* [DATA FOR REVIEW]:
+===+

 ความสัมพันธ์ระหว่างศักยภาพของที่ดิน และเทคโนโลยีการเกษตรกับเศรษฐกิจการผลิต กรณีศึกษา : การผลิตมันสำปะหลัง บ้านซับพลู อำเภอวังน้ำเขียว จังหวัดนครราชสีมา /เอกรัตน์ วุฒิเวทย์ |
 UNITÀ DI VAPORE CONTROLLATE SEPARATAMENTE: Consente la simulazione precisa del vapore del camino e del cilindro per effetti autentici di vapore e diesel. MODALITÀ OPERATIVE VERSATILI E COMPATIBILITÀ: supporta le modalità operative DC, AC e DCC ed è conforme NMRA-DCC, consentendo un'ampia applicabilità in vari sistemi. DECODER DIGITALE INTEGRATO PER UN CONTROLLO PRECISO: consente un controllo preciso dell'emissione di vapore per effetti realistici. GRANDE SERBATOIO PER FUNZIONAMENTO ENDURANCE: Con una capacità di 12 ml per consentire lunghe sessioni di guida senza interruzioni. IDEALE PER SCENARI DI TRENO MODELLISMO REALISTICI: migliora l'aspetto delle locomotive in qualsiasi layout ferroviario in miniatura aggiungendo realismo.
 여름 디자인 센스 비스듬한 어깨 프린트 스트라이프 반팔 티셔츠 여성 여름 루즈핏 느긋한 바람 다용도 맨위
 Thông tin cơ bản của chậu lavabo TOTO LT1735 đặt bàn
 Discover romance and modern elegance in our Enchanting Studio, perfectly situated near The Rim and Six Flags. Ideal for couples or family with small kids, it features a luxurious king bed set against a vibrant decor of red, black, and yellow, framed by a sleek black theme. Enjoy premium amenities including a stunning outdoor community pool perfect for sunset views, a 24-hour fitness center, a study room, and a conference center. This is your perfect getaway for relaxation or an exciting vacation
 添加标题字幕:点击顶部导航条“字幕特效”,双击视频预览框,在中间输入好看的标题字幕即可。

+===+

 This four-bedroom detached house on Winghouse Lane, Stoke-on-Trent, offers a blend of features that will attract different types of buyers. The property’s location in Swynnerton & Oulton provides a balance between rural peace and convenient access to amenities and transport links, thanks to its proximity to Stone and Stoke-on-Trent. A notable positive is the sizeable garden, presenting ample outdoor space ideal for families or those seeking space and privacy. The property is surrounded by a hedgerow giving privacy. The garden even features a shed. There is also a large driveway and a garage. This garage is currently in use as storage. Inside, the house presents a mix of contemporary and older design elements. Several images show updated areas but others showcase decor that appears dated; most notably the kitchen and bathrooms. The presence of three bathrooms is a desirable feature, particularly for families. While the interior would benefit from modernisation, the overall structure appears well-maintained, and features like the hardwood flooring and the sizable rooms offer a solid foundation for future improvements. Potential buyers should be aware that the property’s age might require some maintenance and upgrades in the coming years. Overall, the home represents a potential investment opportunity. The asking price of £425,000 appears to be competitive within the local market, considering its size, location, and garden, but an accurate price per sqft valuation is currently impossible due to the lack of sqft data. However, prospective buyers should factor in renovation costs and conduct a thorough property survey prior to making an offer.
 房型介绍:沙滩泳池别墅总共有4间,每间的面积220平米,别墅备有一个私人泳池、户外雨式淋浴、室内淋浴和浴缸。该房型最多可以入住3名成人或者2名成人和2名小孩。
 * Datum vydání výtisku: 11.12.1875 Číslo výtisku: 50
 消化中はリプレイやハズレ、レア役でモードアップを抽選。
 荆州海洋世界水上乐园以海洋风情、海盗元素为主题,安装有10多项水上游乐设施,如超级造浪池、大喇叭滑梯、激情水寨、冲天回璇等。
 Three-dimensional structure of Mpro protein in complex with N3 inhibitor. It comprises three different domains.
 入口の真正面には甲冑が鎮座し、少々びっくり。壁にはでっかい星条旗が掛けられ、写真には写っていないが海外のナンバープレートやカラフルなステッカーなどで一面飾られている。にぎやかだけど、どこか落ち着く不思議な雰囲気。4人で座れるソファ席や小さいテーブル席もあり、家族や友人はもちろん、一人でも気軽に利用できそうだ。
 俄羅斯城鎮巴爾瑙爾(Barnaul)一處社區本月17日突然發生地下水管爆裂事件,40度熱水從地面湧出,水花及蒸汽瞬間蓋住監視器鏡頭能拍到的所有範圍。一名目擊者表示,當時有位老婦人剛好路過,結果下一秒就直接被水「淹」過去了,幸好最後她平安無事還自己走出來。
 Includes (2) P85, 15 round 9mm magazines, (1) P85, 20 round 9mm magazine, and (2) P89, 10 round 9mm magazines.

+===+

Among the records above, only the lines between the line holding "UNITÀ DI VAPORE" and the line holding "Thông tin cơ", inclusive, are to be output, exactly as written.

 UNITÀ DI VAPORE CONTROLLATE SEPARATAMENTE: Consente la simulazione precisa del vapore del camino e del cilindro per effetti autentici di vapore e diesel. MODALITÀ OPERATIVE VERSATILI E COMPATIBILITÀ: supporta le modalità operative DC, AC e DCC ed è conforme NMRA-DCC, consentendo un'ampia applicabilità in vari sistemi. DECODER DIGITALE INTEGRATO PER UN CONTROLLO PRECISO: consente un controllo preciso dell'emissione di vapore per effetti realistici. GRANDE SERBATOIO PER FUNZIONAMENTO ENDURANCE: Con una capacità di 12 ml per consentire lunghe sessioni di guida senza interruzioni. IDEALE PER SCENARI DI TRENO MODELLISMO REALISTICI: migliora l'aspetto delle locomotive in qualsiasi layout ferroviario in miniatura aggiungendo realismo.
 여름 디자인 센스 비스듬한 어깨 프린트 스트라이프 반팔 티셔츠 여성 여름 루즈핏 느긋한 바람 다용도 맨위
 Thông tin cơ bản của chậu lavabo TOTO LT1735 đặt bàn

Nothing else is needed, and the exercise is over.